Thanks for all the responses, I'll definately give the slow approach a try! I just hope tonight goes well haha I have to catch them for a viv clean out! Gotta give it a good clean, this will be fun!

Thanks again all, loving this very helpful community!


----------



## SleepyD (Feb 13, 2008)

ShibbyMan666 said:


> Thanks for all the responses, I'll definately give the slow approach a try! I just hope tonight goes well haha I have to catch them for a viv clean out! Gotta give it a good clean, this will be fun!

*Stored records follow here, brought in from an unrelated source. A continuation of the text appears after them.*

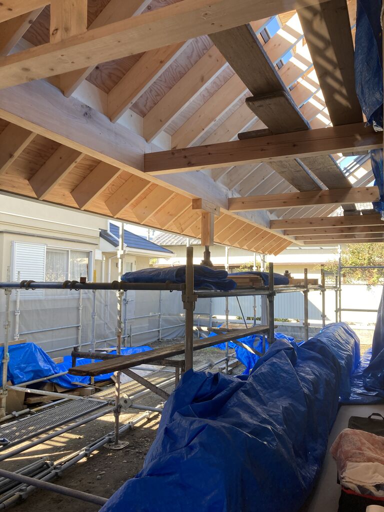 猛暑の中、難しい工事を丁寧に進めてくださる現場監督、大工さん達には本当に感謝です。
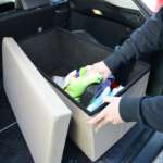 荷室に置けば小物などを整理整頓できる収納ボックスに。外に持ち出せば上に座ってイスとして、またほかのチェアと合わせて足置きとしても使用できる。素材のPUレザーは高級感があり、車内の雰囲気とも相性がいい。直販サイト「サンワダイレクト」限定販売商品。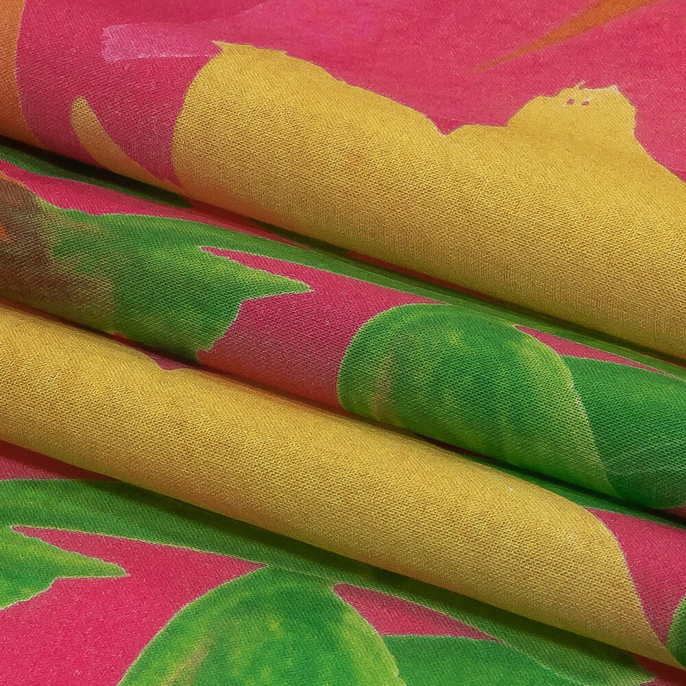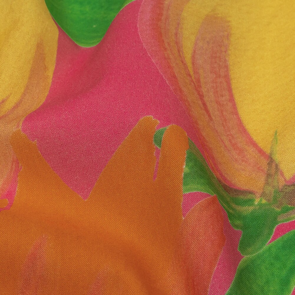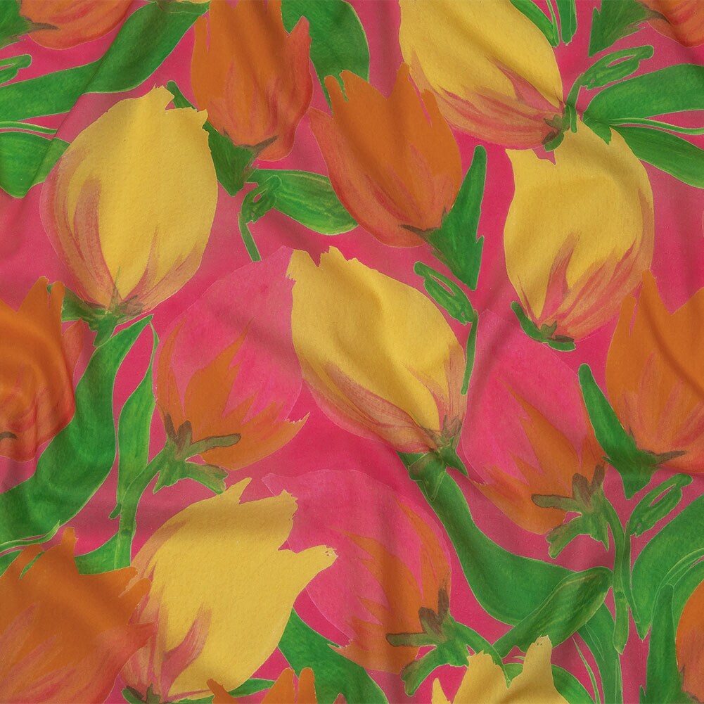 1 Yard Cotton Voile Fabric Pink and Orange Tulips Keukenhof Print

if they're that skittish then it may be worth using a tupperware container to trap them in as opposed to trying to chase/catch them around the viv with your hands


----------



## ShibbyMan666 (Feb 23, 2009)

Great idea! I would rather they are caught by hand but if that proves to be too stressful for them I'll try that one! I wish my brain worked in the evenings


----------



## hawktrainer (Dec 2, 2010)

ShibbyMan666 said:


> Hey all, a bit of a silly question but I would love to know experienced keepers tips on taming them.
> 
> I have found it incredibly easy getting my beardie tame however to my suprise my Gecko's are proving quite the challenge! I've had them about a month now as babies and after daily attempts to handle them they still flee whenever that evil hand of doom approaches! I don't want to try too hard as I really don't want to stress them.
> 
> ...


i was wondering the same thing as m8 8month femail is eval drown blood a cuple times now


----------